DATASET EXCERPT:
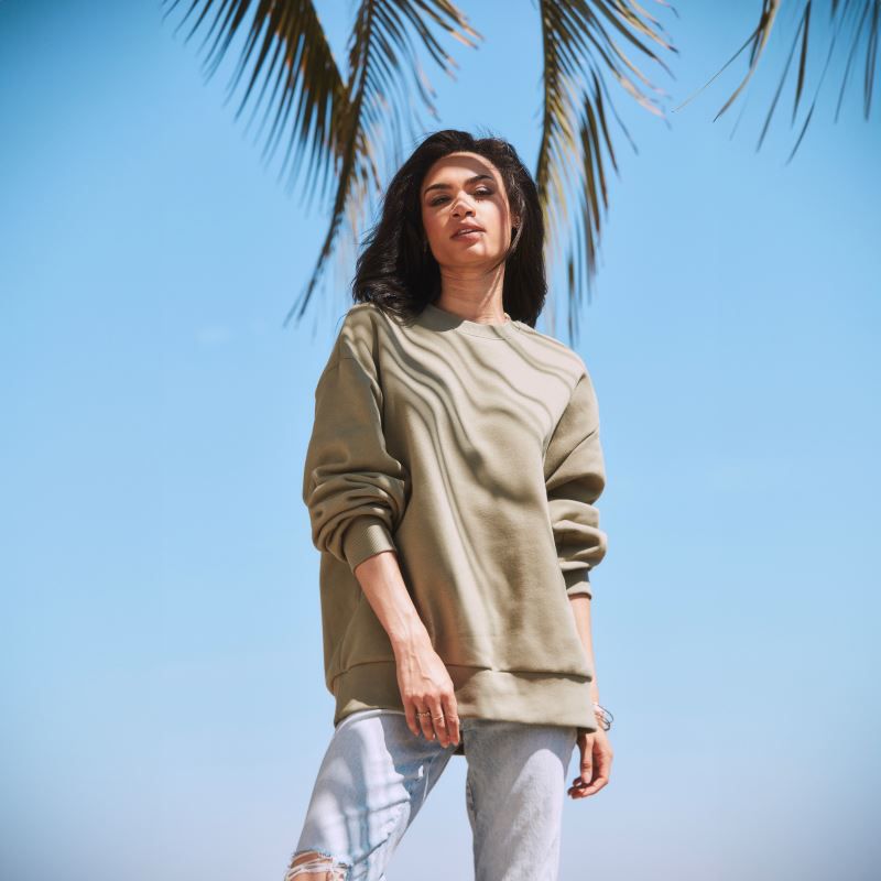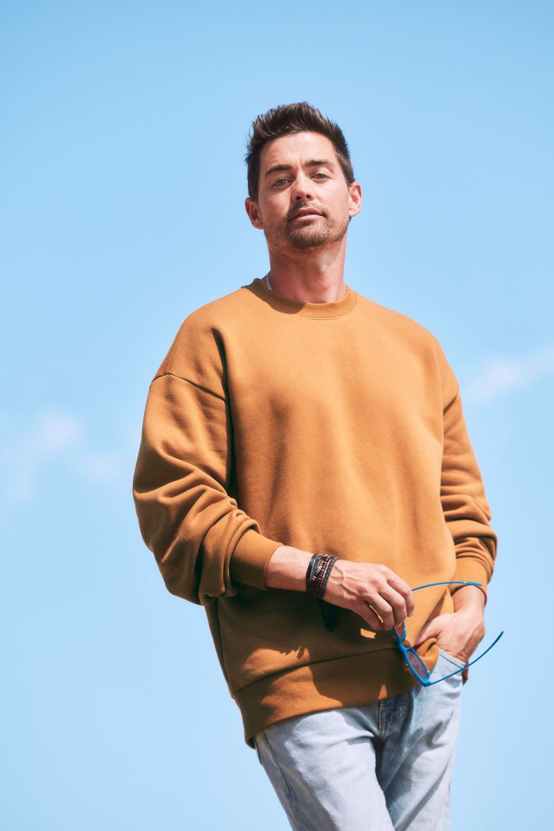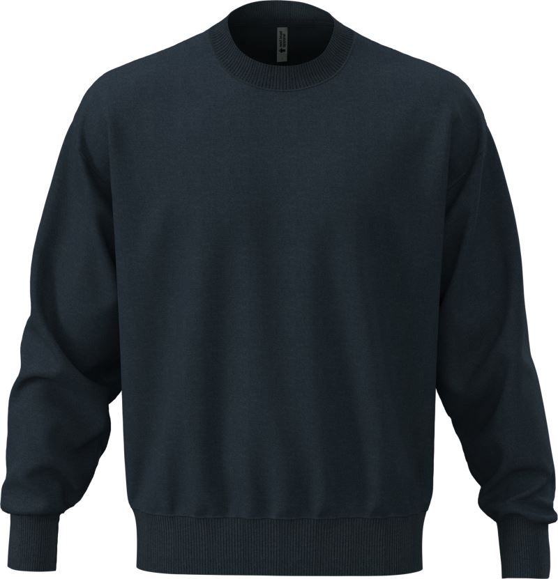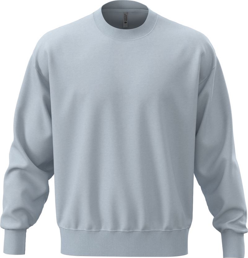 Coupe oversize, demi-lune dans le cou, bandeau dans le cou, épaules recoupées, 2x2 bords-côtes au cou, aux manches et à l'ourlet, qualité sweat 3 fils, surface 100% coton, intérieur gratté, étiquette TearAway
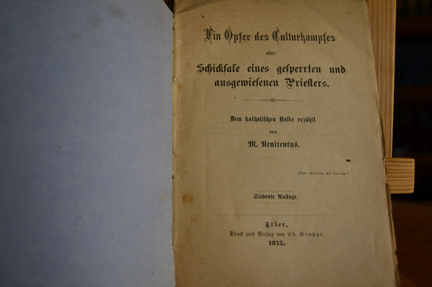 Ein Opfer des Kulturkampfes oder Schicksale eines gesperrten und ausgewiesenen Priesters.
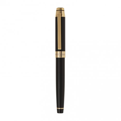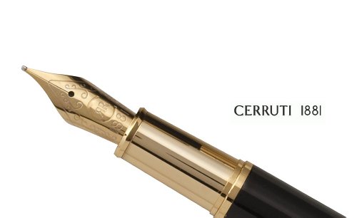 cerruti 1881 Füllfederhalter Heritage Gold. Ein Klassiker in der cerruti 1881 Schreibgeräte Kollektion. Mehrschichtig schwarz lackiert, Griffbereich vergoldet, Zier- und Beschlagteile vergoldet. Gravierte goldfarbige Flügelfeder in mittlerer Strichstärke, mit einer Iridiumspitze für sanftes und gleitendes Schreiben. PELIKAN Patronentinte. Die Verwendung eines Steckkonverters ist nicht möglich. Einzeln verpackt in der cerruti 1881 Geschenkbox.Feature

WHAT TO DO:
Reproduce, with the pictures omitted, exactly those lines that run from the line with "Ein Opfer des" to the last line of the material, both ends included.

RESPONSE TO THE TASK:
 Ein Opfer des Kulturkampfes oder Schicksale eines gesperrten und ausgewiesenen Priesters.
 cerruti 1881 Füllfederhalter Heritage Gold. Ein Klassiker in der cerruti 1881 Schreibgeräte Kollektion. Mehrschichtig schwarz lackiert, Griffbereich vergoldet, Zier- und Beschlagteile vergoldet. Gravierte goldfarbige Flügelfeder in mittlerer Strichstärke, mit einer Iridiumspitze für sanftes und gleitendes Schreiben. PELIKAN Patronentinte. Die Verwendung eines Steckkonverters ist nicht möglich. Einzeln verpackt in der cerruti 1881 Geschenkbox.Feature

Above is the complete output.